**** Data extract ****

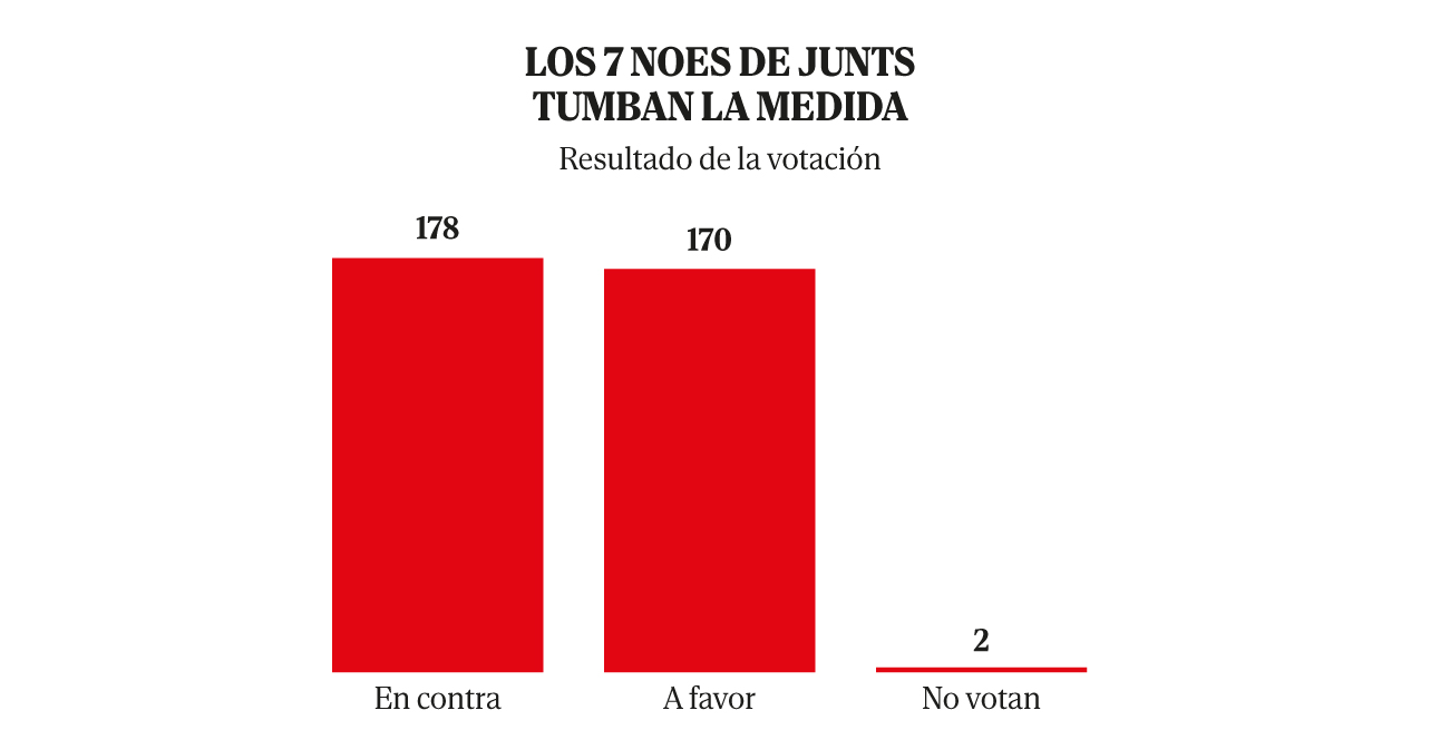 Los siete noes de Junts fueron, una vez más, decisivos para decantar la balanza. En esta ocasión, los de Puigdemont se alinearon con PP, Vox y UPN con el argumento de que la medida lastraría a trabajadores y pymes. El Gobierno afirmó que volverá a intentarlo cuando tenga más apoyos.
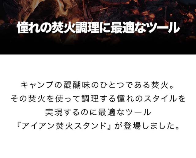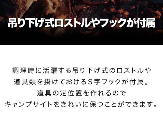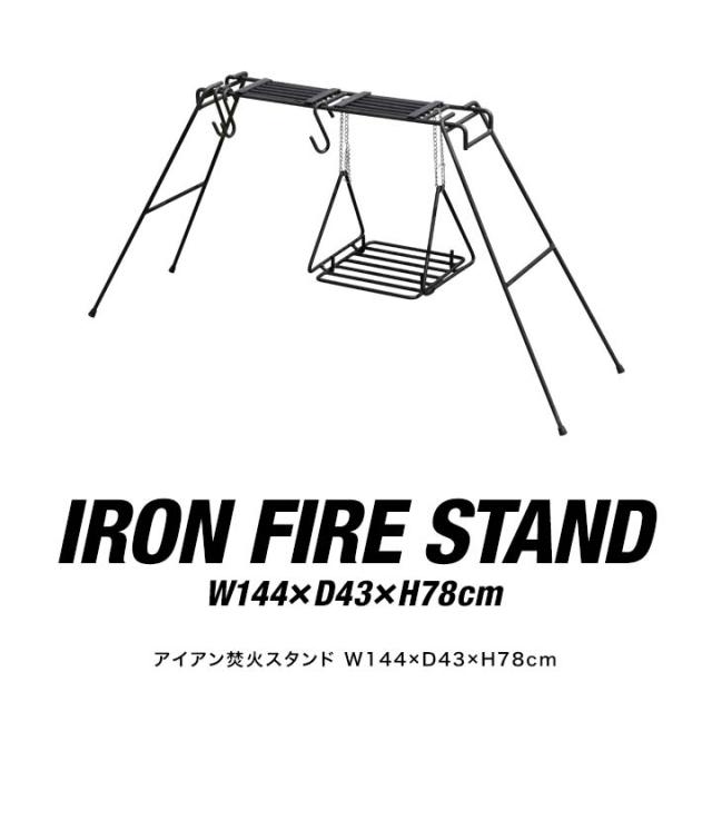 グリルスタンド 焚き火スタンド 幅144cm 吊り下げロストル/フック付セット 耐熱塗装 アウトドアテーブル 五徳 直火 調理台 焚火 網 折りたたみ テーブル 折り畳み 焚き火 キャンプ用品 アイアン 焚火スタンド FIELDOOR 送料無料
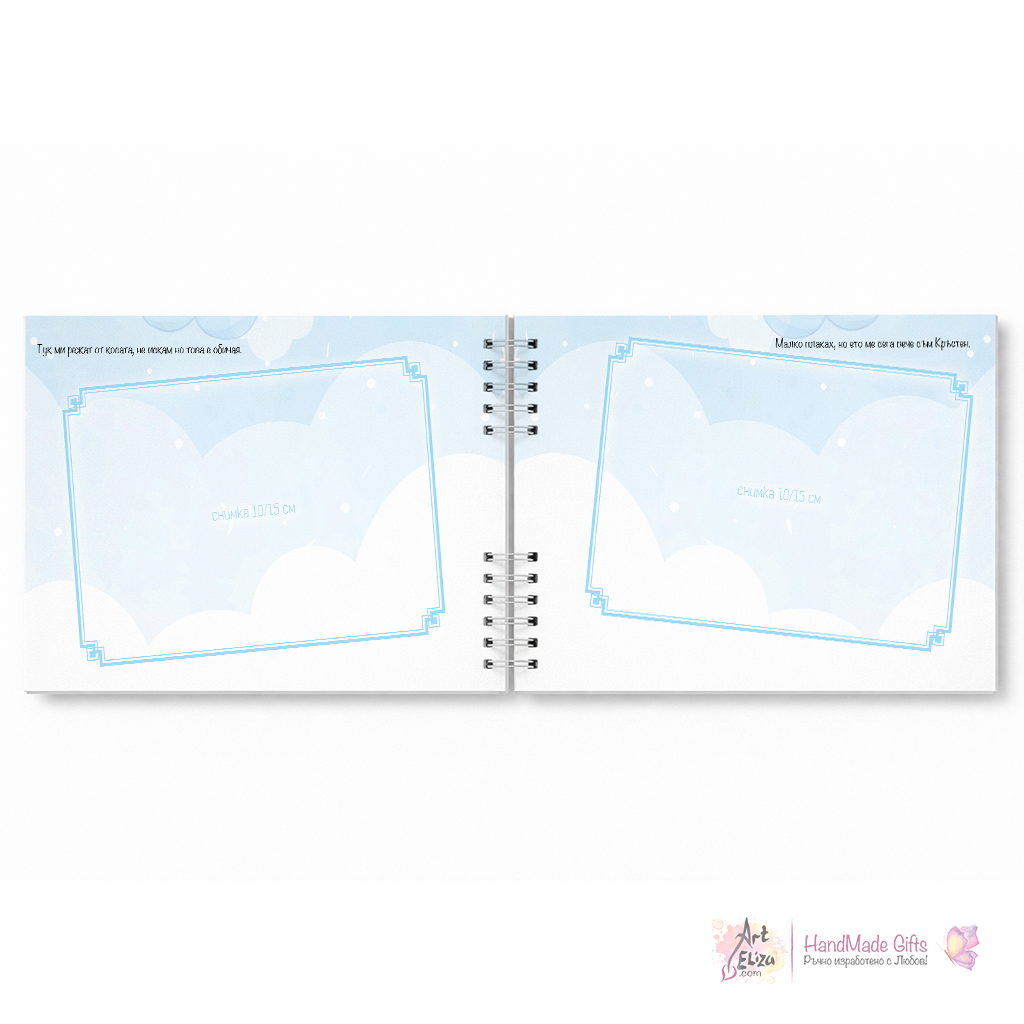 Албумът предлага специално оформени страници за снимки и лични бележки, които ще превърнат всяка страница в ценен спомен. Идеален както за лично ползване, така и като подарък за кръщене, който ще се пази цял живот.

****

▶ _Exercise directions_
Please restate the lines above exactly, starting at the first line of the data and stopping at the line containing "グリルスタンド 焚き火スタンド 幅144cm", which is included. Omit pictures.

▶ _Answer space_
 Los siete noes de Junts fueron, una vez más, decisivos para decantar la balanza. En esta ocasión, los de Puigdemont se alinearon con PP, Vox y UPN con el argumento de que la medida lastraría a trabajadores y pymes. El Gobierno afirmó que volverá a intentarlo cuando tenga más apoyos.
 グリルスタンド 焚き火スタンド 幅144cm 吊り下げロストル/フック付セット 耐熱塗装 アウトドアテーブル 五徳 直火 調理台 焚火 網 折りたたみ テーブル 折り畳み 焚き火 キャンプ用品 アイアン 焚火スタンド FIELDOOR 送料無料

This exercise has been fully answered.